Two months ago I met a guy in South Point Park in Miami Beach. He was an older guy trying to preserve money for his grand kids education - as he said. He asked me about Muni's, to which I replied that I felt "the Muni markets are rife with bad documentation, risk and fraud and at high risk for (structural) defaults. Not a great market in which to operate, especially if Goldman and JPM are pumping like mad"  The funny thing was that he then asked me about this one particular munibond that I, ironically, had looked at for Hartford, Pennsylvania. Yes, you know the city that missed its bond payments and that the state had to lend 55 million to so that they could pay the interest on the notes. He was pumped this security by his broker who said it paid nearly 8% (of which he was very proud) and was fully insured. Clearly the broker gets paid a lot to sell crap and is therefore, highly incentivized to rip this guy off...He was rather shocked to find out that the reason Hartford was paying such exorbitant rates is because they are broke and can't actually make the payments. The issue of insurance seemed to bring him some comfort, as his advisor had clearly spent quite some time on that subject. But the insurance is worthless. What I saw in action was an example of the JPM and GoldmanTax's effort to further rip-off the public and transfer the wealth into their bonus packages.


SEPTEMBER 8, 2010:
Goldman Sachs Group Inc. is about to start selling municipal bonds directly to mom and pop.
The New York company plans to enter a partnership this week with Chicago securities firm Incapital LLC to sell bonds issued by U.S. states, cities and towns to individual investors, according to a person familiar with the situation.

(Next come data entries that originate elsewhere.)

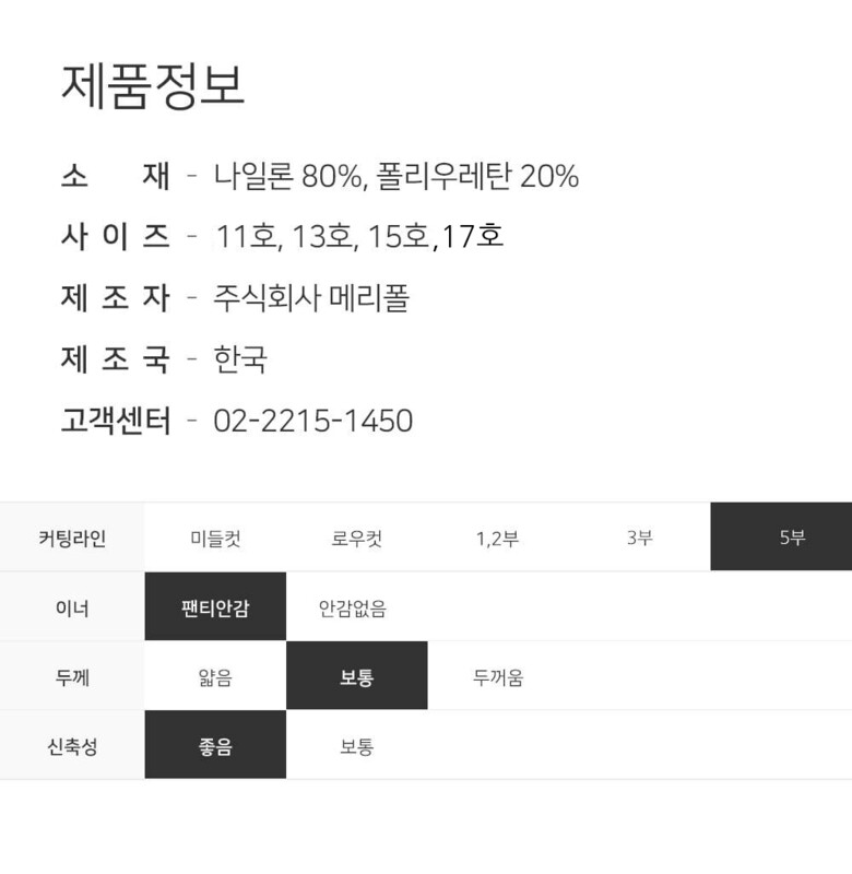 | 1. 제품 소재 (섬유의 조성 또는 혼용률을 백분율로 표시, 기능성인 경우 성적서 또는 허가서) | 나일론 80%, 폴리우레탄 20% |
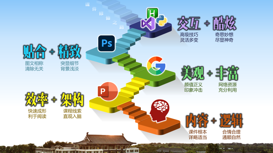 2019年后,陈江担任教师教学发展中心的培训专家,“老师的老师”这一特别身份得到进一步凸显,每年青年教师的培训头号玩家娱乐app官网都少不了他的身影,话题不限于课件的制作,还包括多媒体技术的运用、课堂中的互动。此类头号玩家娱乐app官网的主题集中于“课件的品质与效率”——品质的重要性自不待言,美观只是最低层次的标准,本质要求则是全局观、逻辑性的呈现。效率则意味着在时间的硬性约束下,课程的准备能以更高效的方式展开。
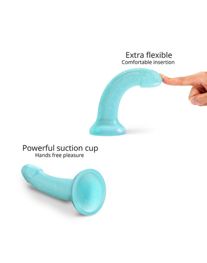 Love to Love - Dildo - Dildoll Nightfall - Buigbaar - Siliconen - Blauw Met Gouden Glitterende Sterren
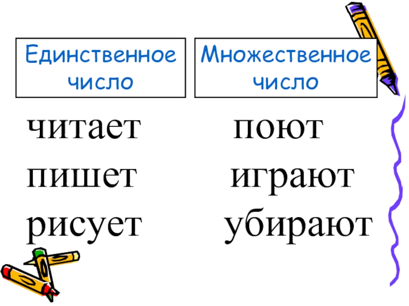 Презентация, доклад по русскому языку на тему Единственное и множественное число глаголов (2 класс)
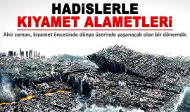 Ahir zaman, kıyamet öncesinde dünya üzerinde yaşanacak olan bir dönemdir. Hz. Muhammed (ASM)'ın, ahir zamanda gerçekleşecek olan olaylarla ilgili pek çok haberi bize ulaşmıştır.![]() Bu olayların, içinde bulunduğumuz dönemde birer birer gerçekleşiyor olması Hz. Muhammed (ASM)'ın mucizelerinden biridir. Hz. Muhammed (ASM) kendi yaşadığı dönemden 1400 yıl sonrasında meydana gelecek olayları, sanki o dönemi izlemiş gibi detaylı olarak anlatmıştır. Hz. Muhammed (ASM)'ın hadislerinde bildirilen çok sayıda ahir zaman ve kıyamet alametlerinden şunları sayabiliriz: Hz. Enes (radıyallahu anh) anlatıyor: "Resulullah (aleyhissalatu vesselam) buyurdular ki: "Zaman yakınlaşmadıkça kıyamet kopmaz. Bu yakınlaşma öyle olur ki, bir yıl bir ay gibi, ay bir hafta gibi, hafta da bir gün gibi, gün saat gibi, saat de bir çıra tutuşması gibi (kısa) olur." (Tirmizi, Zühd 24) Hz. Enes (radıyallahu anh) anlatıyor: "Resulullah (aleyhissalatu vesselam) buyurdular ki: "Kıyamet Allah Allah diyen bir kimsenin üzerine kopmayacaktır." (Müslim, İman 234, Tirmizi, Fiten 35) Hadisin bir başka veçhinde: "Yeryüzünde Allah Allah diyen kaldıkça kıyamet kopmaz." buyrulmuştur. Hz. Huzeyfe (radıyallahu anh) anlatıyor: "Resulullah (aleyhissalatu vesselam) buyurdular ki: "İnsanların dünyaca en bahtiyarını adi oğlu adiler teşkil etmedikçe kıyamet kopmaz." (Tirmizi, Fiten 37) Ebu Said (radıyallahu anh) anlatıyor: "Resulullah (aleyhissalatu vesselam) buyurdular ki: "Ruhumu kudret elinde tutan Zat-ı Zülcelal'e yemin olsun ki, vahşi hayvanlar insanlarla konuşmadıkça, kişiye kamçısının ucundaki meşin, ayakkabısının bağı konuşmadıkça, kendisinden sonra ehlinin ne yaptığını dizi haber vermedikçe kıyamet kopmaz." (Tirmizi, Fiten 19) Hz. Ebu Hureyre (radıyallahu anh) anlatıyor: "Resulullah (aleyhissalatu vesselam) buyurdular ki: "Güneş, battığı yerden doğmadıkça kıyamet kopmaz. Batıdan doğunca, insanlar görür ve hepsi de iman eder. Ancak, daha önce inanmamış veya imanın sevkiyle hayır kazanamamış olan hiç kimseye bu iman fayda sağlamaz." (Buhari, Rikak 39, İstiska 27, Zekat 9; Müslim, İman 248, Ebu Davud, Melahim 12.) Ebu Hureyre (radıyallahu anh) anlatıyor: "Resulullah (aleyhissalatu vesselam) buyurdular ki: "Otuz kadar yalancı deccaller çıkmadıkça kıyamet kopmaz. Bunlardan her biri Allah'ın elçisi olduğunu zanneder." (Tirmizi, Fiten 43, Ebu Davud, Melahim 16) Hz. Enes (radıyallahu anh) anlatıyor: "Resulullah (aleyhissalatu vesselam) buyurdular ki: "Kıyamet kopmazdan önce gece karanlığının parçaları gibi fitneler olacak. (O vakit) kişi mü'min olarak sabaha erer de kafir olarak akşama kavuşur. Mü'min olarak akşama erer, kafir olarak sabaha kavuşur. Birçok kimseler azıcık bir dünyalık mukabilinde dinlerini satarlar." (Tirmizi, Fiten 30) Hz. Huzeyfe (radıyallahu anh) anlatıyor: "Resulullah (aleyhissalatu vesselam) buyurdular ki: "Nefsim yed-i kudretinde olan Zat-ı Zülcelal'e yemin olsun! İmamınızı öldürmedikçe, kılıçlarınızı birbirinize kullanmadıkça, dünyanıza şerirleriniz varis olmadıkça kıyamet kopmaz." (Tirmizi, Fiten 9.) "Müslümanlardan iki grup aralarında savaşmadıkça kıyamet kopmaz. Bunlar aralarında büyük bir savaş yaparlar, fakat davaları birdir." (Buhari, Fiten 24, Menakıb 25, İstitabe 8; Müslim, İman 248, Fiten 17) Hz. Ebu Hureyre (radıyallahu anh) anlatıyor: "Resulullah (aleyhissalatu vesselam) buyurdular ki: "Devs kabilesinin kadınlarının kıçları, Zü'lhalasa putunun etrafında titremedikçe kıyamet kopmaz. Zü'lhalasa, Devslilerin cahiliye devrinde tapındıkları [Tebale'deki] puttur." (Buhari, Fiten 23; Müslim, Fiten 51) Ebu Hureyre (radıyallahu anh) anlatıyor: "Resulullah (aleyhissalatu vesselam) buyurdular ki: "Bunun üzerine, çıkarlar. Ancak bu haber batıldır. Şam'a geldiklerinde (Deccal) çıkar. Bunlar savaş için hazırlık yapıp safları tanzim ederken, namaz için ikamet okunur. Derken İsa İbnu Meryem iner ve onlara gitmek ister. Allah'ın düşmanı, Hz. İsa'yı görünce, tıpkı tuzun suda erimesi gibi, erir de erir. Eğer bırakacak olsa, (kendi kendine) helak oluncaya kadar eriyecekti. Ancak Allah onu kudret eliyle öldürür; öyle ki onlara, harbesindeki kanını gösterir." (Müslim, Fiten 34,) "Bizden esir edilenlerle aramızdan çekilin de onları öldürelim!" derler. Müslümanlar da: "Hayır! Vallahi sizinle, kardeşlerimizin arasından çekilmeyiz" derler. Bunun üzerine (Müslümanlar) onlarla harb eder. Bunlardan üçte biri inhizama uğrar. Allah ebediyen bunların tövbesini kabul etmez. Üçte biri katledilir, bunlar Allah indinde şehitlerin en faziletlileridir. Üçte biri de muzaffer olur. Bunlar ebediyen fitneye düşmezler. Bunlar İstanbul'u da fethederler. (Fetihten sonra) bunlar, kılıçlarını zeytin ağacına asmış ganimet taksim ederken, şeytan aralarında şöyle bir nida atar: "Mesih Deccal, ailelerinizde sizin yerinizi aldı!" Ebu Hureyre (radıyallahu anh) anlatıyor: "Resulullah (aleyhissalatu vesselam) buyurdular ki: "Rumlar, A'mak ve Dabık nam mahallere inmedikçek kıyamet kopmaz. Onlara karşı Medine'den bir ordu çıkar. Bunlar o gün arz ehlinin en hayırlılarıdır. Bu ordunun askerleri savaşmak üzere saf saf düzen alınca, Rumlar: "Hicaz bölgesinden bir ateş çıkmadıkça kıyamet kopmaz. Bu ateş Busra'daki develerin boyunlarını aydınlatacaktır." (Buhari, Fiten 24; Müslim, Fiten 42) Ebu Hureyre (radıyallahu anh) anlatıyor: "Resulullah (aleyhissalatu vesselam) buyurdular ki: "Fırat nehri altın bir dağ üzerinden açılmadıkça kıyamet kopmaz. Onun üzerine insanlar savaşırlar. Yüz kişiden doksan dokuzu öldürülür. Onlardan her biri: "Herhalde savaşı ben kazanacağım." der." (Buhari, Fiten 24, Müslim, Fiten 29) Ebu Hureyre'den (radıyallahu anh) nakledildiğine göre: Allah Resulü (a.s.): "Herc vakıaları

The arrangement will make billions of dollars of municipal bonds underwritten by Goldman available for sale by at least 85,000 brokers in Incapital's distribution network of broker-dealer firms.

The move allows Goldman to branch out into a lucrative area of the fixed-income markets, a haven for retail investors scared off by volatility in the stock market and riskier corporate credit markets. While some municipalities are facing budget crises, it is rare for municipal bonds to default. Such securities yield more than certificates of deposit or other ultra-safe investments and are tax-free in most cases, making them a staple in retiree savings accounts.
read moreGoldman strikes deal to sell new-issue munis

October 1, 2010
Goldman Sachs Taps Retail With Munis
By Patrick McGee

The company recently announced that it is teaming up with the Chicago securities distributor Incapital LLC in an exclusive agreement to sell new-issue munis. Incapital maintains a retail distribution network of more than 600 broker-dealers and 400 fee-based advisors.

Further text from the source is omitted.